◆ Exercise description
Transcribe the listing in full, excluding any pictures.

◆ Material provided

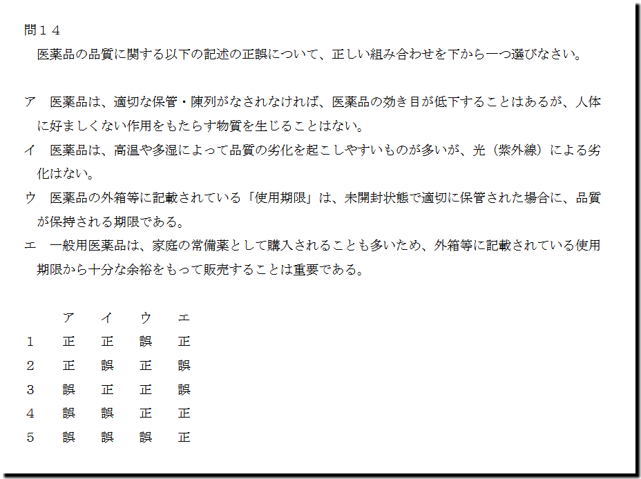 本問は、「基本知識」の「医薬品の品質」についての出題です。基礎・基本的なものばかりなので、難しいところはありません。テキストと過去問を繰り返しておけば、まず、取れます。
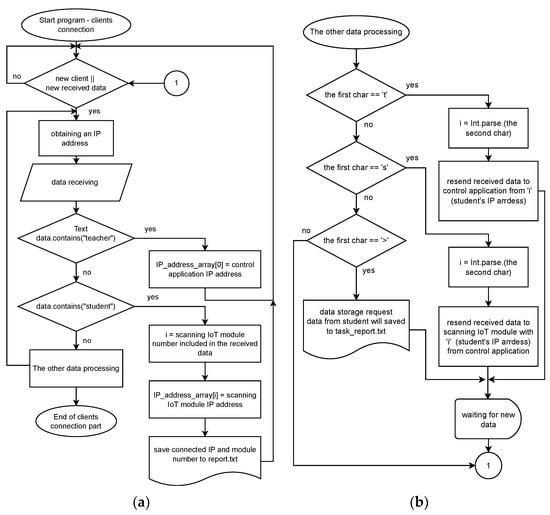 The shown flowchart describes the server program operations from the start of the server up to received data processing. The first flowchart (a) describes how clients connect to the server and save the data to a text file. The second flowchart marked as (b) is part of the first flowchart where the block “The other data processing” is extended and described.
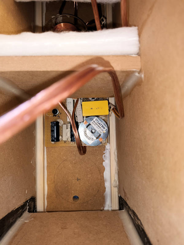 Wenn die Weiche optimiert ist, prüft man sie auf schlechte Lötstellen und Lötzinnreste und lötet alle Leitungen für die Chassis und das Terminal an. Anschließend fixiert man die Bauteile mittels des Holzklebers aus der Pistole, damit es bei größeren Lautstärken nicht zu unerwünschten Resonanzen kommt. Wenn der Kleber trocken ist, schraubt man die Weichen inklusive der angelöteten großen Spulen an eine sinnvolle Stelle auf die innenliegende Seite der Rückwand, wobei unbedingt genügend Platz für das Terminal bleiben muss! Ich habe daher den unteren Weichenrand bei 12 cm Abstand von der Gehäuseunterkante festgelegt! Da bei diesem allseitig verklebten Gehäuse keine Chance besteht, nachträglich die Weiche zu verändern, sollte alles rund um die Weiche mit äußerster Sorgfalt bedacht und ausgeführt werden!

◆ Solution
 本問は、「基本知識」の「医薬品の品質」についての出題です。基礎・基本的なものばかりなので、難しいところはありません。テキストと過去問を繰り返しておけば、まず、取れます。
 The shown flowchart describes the server program operations from the start of the server up to received data processing. The first flowchart (a) describes how clients connect to the server and save the data to a text file. The second flowchart marked as (b) is part of the first flowchart where the block “The other data processing” is extended and described.
 Wenn die Weiche optimiert ist, prüft man sie auf schlechte Lötstellen und Lötzinnreste und lötet alle Leitungen für die Chassis und das Terminal an. Anschließend fixiert man die Bauteile mittels des Holzklebers aus der Pistole, damit es bei größeren Lautstärken nicht zu unerwünschten Resonanzen kommt. Wenn der Kleber trocken ist, schraubt man die Weichen inklusive der angelöteten großen Spulen an eine sinnvolle Stelle auf die innenliegende Seite der Rückwand, wobei unbedingt genügend Platz für das Terminal bleiben muss! Ich habe daher den unteren Weichenrand bei 12 cm Abstand von der Gehäuseunterkante festgelegt! Da bei diesem allseitig verklebten Gehäuse keine Chance besteht, nachträglich die Weiche zu verändern, sollte alles rund um die Weiche mit äußerster Sorgfalt bedacht und ausgeführt werden!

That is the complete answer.